Fragmentation is Efficiently Learnable by Quantum Neural Networks
Mikhail Mints, Eric R. Anschuetz
TL;DR
The paper studies learning the Schur transform in Hilbert-space-fragmented quantum systems using quantum neural networks (QNNs). By restricting to a polynomially-sized Krylov subspace structure and leveraging a sectorized ETH framework, it shows gradient-based training can avoid barren plateaus and enter an overparameterized regime, enabling efficient learnability of the Schur transform from training Schur-basis states. It argues that no efficient classical dequantization is known for this task due to the unknown, potentially non-sparse algebraic structure, and supports these claims with a detailed formal proof and numerical demonstrations on Temperley-Lieb fragmentation. The work highlights a physically motivated quantum learning scenario with potential experimental relevance and invites further exploration of classical simulation limitations in symmetric quantum systems.
Abstract
Hilbert space fragmentation is a phenomenon in which the Hilbert space of a quantum system is dynamically decoupled into exponentially many Krylov subspaces. We can define the Schur transform as a unitary operation mapping some set of preferred bases of these Krylov subspaces to computational basis states labeling them. We prove that this transformation can be efficiently learned via gradient descent from a set of training data using quantum neural networks, provided that the fragmentation is sufficiently strong such that the summed dimension of the unique Krylov subspaces is polynomial in the system size.

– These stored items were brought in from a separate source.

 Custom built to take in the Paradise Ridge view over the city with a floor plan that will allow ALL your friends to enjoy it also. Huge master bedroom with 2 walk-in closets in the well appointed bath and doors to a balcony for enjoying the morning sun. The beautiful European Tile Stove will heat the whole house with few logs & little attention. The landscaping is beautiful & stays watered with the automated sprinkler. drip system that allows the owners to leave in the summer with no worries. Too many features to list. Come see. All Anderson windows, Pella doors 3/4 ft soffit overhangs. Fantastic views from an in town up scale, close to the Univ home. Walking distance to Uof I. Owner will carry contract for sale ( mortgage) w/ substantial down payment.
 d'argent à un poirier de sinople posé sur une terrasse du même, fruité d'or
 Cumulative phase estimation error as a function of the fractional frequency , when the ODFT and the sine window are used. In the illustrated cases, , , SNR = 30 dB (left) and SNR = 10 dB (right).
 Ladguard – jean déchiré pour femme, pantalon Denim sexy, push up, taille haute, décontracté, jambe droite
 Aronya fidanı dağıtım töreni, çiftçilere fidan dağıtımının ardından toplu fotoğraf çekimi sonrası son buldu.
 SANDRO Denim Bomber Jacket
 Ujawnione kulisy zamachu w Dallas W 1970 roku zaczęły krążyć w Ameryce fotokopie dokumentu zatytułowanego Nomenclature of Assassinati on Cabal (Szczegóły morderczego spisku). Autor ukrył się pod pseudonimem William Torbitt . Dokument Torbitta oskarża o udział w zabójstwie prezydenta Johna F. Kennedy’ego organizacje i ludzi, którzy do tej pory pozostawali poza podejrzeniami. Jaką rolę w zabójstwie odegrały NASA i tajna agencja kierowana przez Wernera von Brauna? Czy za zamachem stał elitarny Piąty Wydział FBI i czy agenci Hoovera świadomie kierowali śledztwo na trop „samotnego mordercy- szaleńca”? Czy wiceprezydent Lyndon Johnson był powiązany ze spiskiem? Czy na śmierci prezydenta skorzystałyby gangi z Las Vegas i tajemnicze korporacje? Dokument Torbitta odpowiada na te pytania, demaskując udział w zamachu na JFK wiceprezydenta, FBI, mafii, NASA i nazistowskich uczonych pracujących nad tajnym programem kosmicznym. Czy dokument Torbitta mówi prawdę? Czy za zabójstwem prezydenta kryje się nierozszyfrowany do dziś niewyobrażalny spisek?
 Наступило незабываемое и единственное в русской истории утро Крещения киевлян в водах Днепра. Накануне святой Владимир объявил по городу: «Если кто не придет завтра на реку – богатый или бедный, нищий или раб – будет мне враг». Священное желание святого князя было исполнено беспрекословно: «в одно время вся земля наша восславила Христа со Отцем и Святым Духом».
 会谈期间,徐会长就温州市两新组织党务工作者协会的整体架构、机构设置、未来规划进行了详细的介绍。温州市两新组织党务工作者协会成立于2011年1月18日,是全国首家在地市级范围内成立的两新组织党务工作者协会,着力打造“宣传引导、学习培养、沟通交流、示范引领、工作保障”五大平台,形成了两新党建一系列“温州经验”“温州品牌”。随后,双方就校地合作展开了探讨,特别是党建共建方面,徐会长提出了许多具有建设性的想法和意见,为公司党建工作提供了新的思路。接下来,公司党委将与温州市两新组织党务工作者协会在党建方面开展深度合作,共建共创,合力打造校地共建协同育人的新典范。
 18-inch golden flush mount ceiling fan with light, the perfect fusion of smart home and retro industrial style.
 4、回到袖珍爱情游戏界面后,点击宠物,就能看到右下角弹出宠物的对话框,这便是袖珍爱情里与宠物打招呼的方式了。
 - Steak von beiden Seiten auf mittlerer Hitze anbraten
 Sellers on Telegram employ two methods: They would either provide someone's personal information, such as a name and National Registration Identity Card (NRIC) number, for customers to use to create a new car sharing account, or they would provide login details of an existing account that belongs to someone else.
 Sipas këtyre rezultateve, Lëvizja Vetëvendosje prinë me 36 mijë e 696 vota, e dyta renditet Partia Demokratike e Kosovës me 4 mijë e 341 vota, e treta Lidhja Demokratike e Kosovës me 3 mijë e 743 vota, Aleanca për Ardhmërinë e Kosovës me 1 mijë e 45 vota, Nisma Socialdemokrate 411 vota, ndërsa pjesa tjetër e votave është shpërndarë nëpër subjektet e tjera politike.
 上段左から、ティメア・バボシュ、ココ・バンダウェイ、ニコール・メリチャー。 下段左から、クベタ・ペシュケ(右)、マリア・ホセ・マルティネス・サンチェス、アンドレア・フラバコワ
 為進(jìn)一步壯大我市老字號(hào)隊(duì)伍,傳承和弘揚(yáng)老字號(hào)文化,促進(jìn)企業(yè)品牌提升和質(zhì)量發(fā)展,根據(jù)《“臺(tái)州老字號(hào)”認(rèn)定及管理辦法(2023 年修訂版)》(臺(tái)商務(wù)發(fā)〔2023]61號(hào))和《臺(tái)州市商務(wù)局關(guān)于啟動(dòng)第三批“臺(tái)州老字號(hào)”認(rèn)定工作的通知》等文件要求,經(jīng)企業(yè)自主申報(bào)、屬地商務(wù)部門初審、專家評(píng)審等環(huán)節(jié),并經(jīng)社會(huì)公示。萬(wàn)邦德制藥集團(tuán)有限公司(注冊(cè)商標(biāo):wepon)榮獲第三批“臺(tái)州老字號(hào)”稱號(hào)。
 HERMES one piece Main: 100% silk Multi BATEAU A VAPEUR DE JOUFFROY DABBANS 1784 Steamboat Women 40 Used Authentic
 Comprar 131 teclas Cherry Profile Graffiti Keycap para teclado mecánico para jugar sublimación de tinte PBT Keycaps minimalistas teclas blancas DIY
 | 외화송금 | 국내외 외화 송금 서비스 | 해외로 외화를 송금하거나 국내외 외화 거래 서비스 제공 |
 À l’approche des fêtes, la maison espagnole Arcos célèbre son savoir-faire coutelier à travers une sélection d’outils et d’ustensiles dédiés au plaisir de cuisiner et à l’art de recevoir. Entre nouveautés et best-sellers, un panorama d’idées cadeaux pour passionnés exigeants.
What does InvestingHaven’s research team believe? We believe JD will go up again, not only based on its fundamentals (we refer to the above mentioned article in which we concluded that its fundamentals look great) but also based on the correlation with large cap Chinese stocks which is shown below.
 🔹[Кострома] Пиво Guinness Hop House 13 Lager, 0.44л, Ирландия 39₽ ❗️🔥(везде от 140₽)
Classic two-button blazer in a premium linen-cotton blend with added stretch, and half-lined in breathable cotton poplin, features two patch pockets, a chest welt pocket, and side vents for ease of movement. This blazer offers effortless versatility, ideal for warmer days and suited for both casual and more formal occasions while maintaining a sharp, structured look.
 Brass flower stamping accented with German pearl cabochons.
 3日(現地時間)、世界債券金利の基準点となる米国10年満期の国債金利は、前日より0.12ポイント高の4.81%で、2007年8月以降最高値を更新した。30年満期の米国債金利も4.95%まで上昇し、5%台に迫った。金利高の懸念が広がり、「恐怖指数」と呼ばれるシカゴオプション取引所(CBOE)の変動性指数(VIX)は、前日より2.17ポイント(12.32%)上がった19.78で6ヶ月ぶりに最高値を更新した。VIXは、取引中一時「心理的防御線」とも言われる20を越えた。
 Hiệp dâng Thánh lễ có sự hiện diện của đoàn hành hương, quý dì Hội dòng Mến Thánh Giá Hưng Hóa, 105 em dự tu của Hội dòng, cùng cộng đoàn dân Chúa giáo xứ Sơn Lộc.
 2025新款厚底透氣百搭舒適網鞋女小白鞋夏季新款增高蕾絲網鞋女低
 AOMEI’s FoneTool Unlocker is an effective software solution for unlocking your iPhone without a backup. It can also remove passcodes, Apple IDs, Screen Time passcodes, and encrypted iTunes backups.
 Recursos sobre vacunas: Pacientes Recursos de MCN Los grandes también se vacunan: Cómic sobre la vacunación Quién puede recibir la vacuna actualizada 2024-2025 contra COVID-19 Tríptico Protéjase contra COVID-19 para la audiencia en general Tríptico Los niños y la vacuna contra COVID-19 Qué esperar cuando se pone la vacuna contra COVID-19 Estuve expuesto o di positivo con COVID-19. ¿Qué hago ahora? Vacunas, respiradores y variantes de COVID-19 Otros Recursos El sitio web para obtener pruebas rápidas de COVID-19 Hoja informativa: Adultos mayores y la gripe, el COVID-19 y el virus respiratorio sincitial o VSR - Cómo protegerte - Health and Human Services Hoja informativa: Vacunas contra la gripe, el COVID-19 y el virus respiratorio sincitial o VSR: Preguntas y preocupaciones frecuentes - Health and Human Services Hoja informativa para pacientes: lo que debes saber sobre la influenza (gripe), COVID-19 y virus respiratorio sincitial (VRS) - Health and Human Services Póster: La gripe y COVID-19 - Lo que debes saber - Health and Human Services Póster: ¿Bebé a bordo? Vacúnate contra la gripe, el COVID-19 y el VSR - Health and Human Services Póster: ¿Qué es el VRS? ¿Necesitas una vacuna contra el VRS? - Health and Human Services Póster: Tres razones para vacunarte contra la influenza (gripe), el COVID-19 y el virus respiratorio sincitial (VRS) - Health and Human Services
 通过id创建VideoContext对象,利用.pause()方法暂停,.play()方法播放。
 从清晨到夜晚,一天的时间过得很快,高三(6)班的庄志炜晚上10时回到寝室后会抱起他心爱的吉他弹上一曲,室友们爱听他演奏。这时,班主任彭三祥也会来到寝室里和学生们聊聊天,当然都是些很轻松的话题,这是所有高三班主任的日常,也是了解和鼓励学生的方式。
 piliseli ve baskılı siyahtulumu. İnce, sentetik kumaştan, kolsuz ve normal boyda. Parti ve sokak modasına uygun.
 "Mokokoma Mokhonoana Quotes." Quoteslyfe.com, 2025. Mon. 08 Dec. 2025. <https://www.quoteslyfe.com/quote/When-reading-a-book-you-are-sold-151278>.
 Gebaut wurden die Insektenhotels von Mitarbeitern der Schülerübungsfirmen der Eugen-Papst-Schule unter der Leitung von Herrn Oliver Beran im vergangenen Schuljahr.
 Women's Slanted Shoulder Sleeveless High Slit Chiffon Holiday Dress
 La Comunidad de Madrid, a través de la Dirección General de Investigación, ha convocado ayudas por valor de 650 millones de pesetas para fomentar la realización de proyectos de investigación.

To demonstrate this, we analyze the loss landscapes of random quantum neural networks constructed out of Hilbert space fragmented systems. We prove that in this setting, it is possible to eliminate barren plateaus and poor local minima, suggesting efficient trainability when using gradient descent. Furthermore, as the algebra defining the fragmentation is not known a priori and not guaranteed to have sparse algebra elements, to the best of our knowledge there are no existing efficient classical algorithms generally capable of simulating expectation values in these networks. Our setting thus provides a rare example of a physically motivated quantum learning task with no known dequantization.